What we are keeping our eye on in 2020

What we are keeping our eye on in 2020

Alex Trollip
by Alex Trollip

2019 was an amazing year for Woodhurst as we launched and set a solid platform for growth. However, as we stroll into a new decade, we are more excited to share what we are keeping out eye on in the year to come, and what we think will be likely to affect the business world.


As Boris Johnson secured an outright majority in the election, his promise to “get Brexit done” means that Britain leaving the EU appears to be inevitable (though we shall heed our own advice and avoid making definitive predictions).

Although some say they want Brexit done and dusted so the country can pivot their focus back to the issues that matter, that is somewhat similar to saying they can’t wait for their pregnancy to be over so they don’t have to deal with carrying a child anymore. Once the baby is out, the real work begins.

If Britain leaves the EU, there will be a lot of work to renegotiate trade agreements, immigration policy, as well as work out how cross-border business arrangements. Financial institutions will have to remain keyed in to any changes that may affect them, and bargain for a seat at the table to ensure that what is agreed can ensure the viability of the industry in a post-Brexit world.

Quantum Computing

For years the race for quantum supremacy has raged behind the scenes as the tech titans have tried to be the first to transition the theory of quantum mechanics into a reality. Quantum machines represent the promise of an exponential increase in processing power that eclipse the capability of today’s super computers in infinite ways. Quantum supremacy is achieved when a quantum computer can crunch a mathematical calculation beyond what a supercomputer today can process. Quantum computers can simulate behavior down to the molecular level which means it can be used in a number of innovative and complex ways. From simulating chemical compounds in electric car batteries, to analyzing compounds in drug manufacturing, or finding optimal public transport routes that would minimize congestion significantly.

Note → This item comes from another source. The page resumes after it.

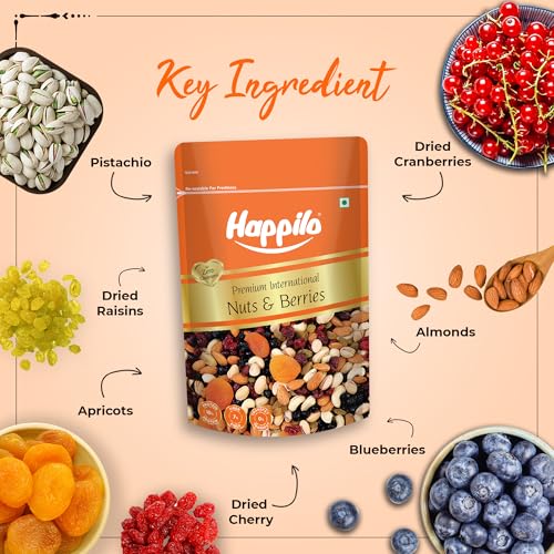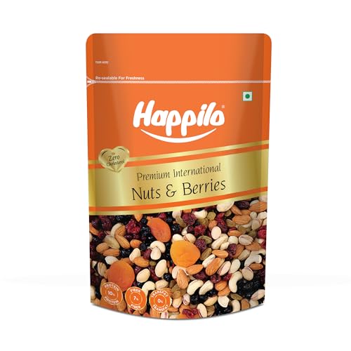 Nuts and Berries is an incredibly delicious and crunchy mix of Almonds Apricots Blueberries Cashew nuts Dried Cranberries Dried Cherries Pistachios and Raisins. This premium cocktail makes for a real great snack. These are simply nuts and fruits and nothing else. Time to be Happy Lovely and Healthy.

One reason this has become such a hot topic beyond the nerdiest corners of the internet is Google’s claim in October that they achieved quantum supremacy. Their machine Sycamore performed a specific calculation in 200 seconds, which supposedly a supercomputer would have taken 10,000 years to resolve. The only problem is IBM refute that this amounts to quantum supremacy, releasing a paper that claims a supercomputer could perform that task in under 3 days.

Whether or not Google’s feat amounts to quantum supremacy, it represents huge improvements in computer processing power that bring us another step closer to operationalizing quantum computers in the near future. We’re watching this space closely as it has the potential to revolutionise artificial intelligence which could quickly change the financial ecosystem.

Farewell to Fossil Fuel Financing

As Europe takes the lead to collectively combat the worst effects of climate change, fossil fuel financing is fast becoming a thing of the past. In November this year, the European Investment Bank announced over the next 2 years it would phase out its multibillion-euro financing of fossil fuels, and transition to the world’s first “climate bank”.

Unfortunately, a new report from the Sierra Club revealed that 33 banks alone have contributed $1.9 trillion in investments to fossil fuel companies since the Paris climate accord in 2015, with increases over the past two years. However, the global momentum is hard to deny, and British private industry has the opportunity to meet the prescient threat of climate change head on. In fact, between July-September this year, Britain generated more electricity from renewables than from fossil fuels, for the first time in history!

We’re looking forward to the 2020 UN Climate Change Conference in November to see the progress committed nations have made and the future pledges they intend to commit.

US Presidential Election

One respite from Britain’s own chaotic political situation has been following our friends across the pond, as the US barrels towards a maelstrom campaign for who will be the next president. Set against the backdrop of an impeachment trial, this season of America is shaping up to be an exciting one.

Importantly, the power of America’s government to dictate international financial regulation and sanctions is why the 2020 election will be significant for British business. From the trade war in China to the Iranian sanctions, the incoming president’s stance on international affairs could be an important factor on how and where financial institutions can operate. 

AI Becoming Mainstream

AI is no longer an up-and-coming phenomena: it has up and come. With off-the-shelf AI products to bespoke designs, AI has moved from research and development to operational. This year, we are releasing a white paper on how financial industries can bring AI technologies in-house and get the most benefit for their business and customer needs. Written with the team at Fuzzy Labs, the paper provides a robust blueprint of how banks can implement the technology today.

From personalized customer insights, to automated processes, to mitigate financial crime risks and generating holistic network entities, we believe banks with an eye to the future can kickstart the new decade with a promise to modernize their products, services and compliance.

If 2019 was eventful enough we are sure that 2020 will be a year to remember.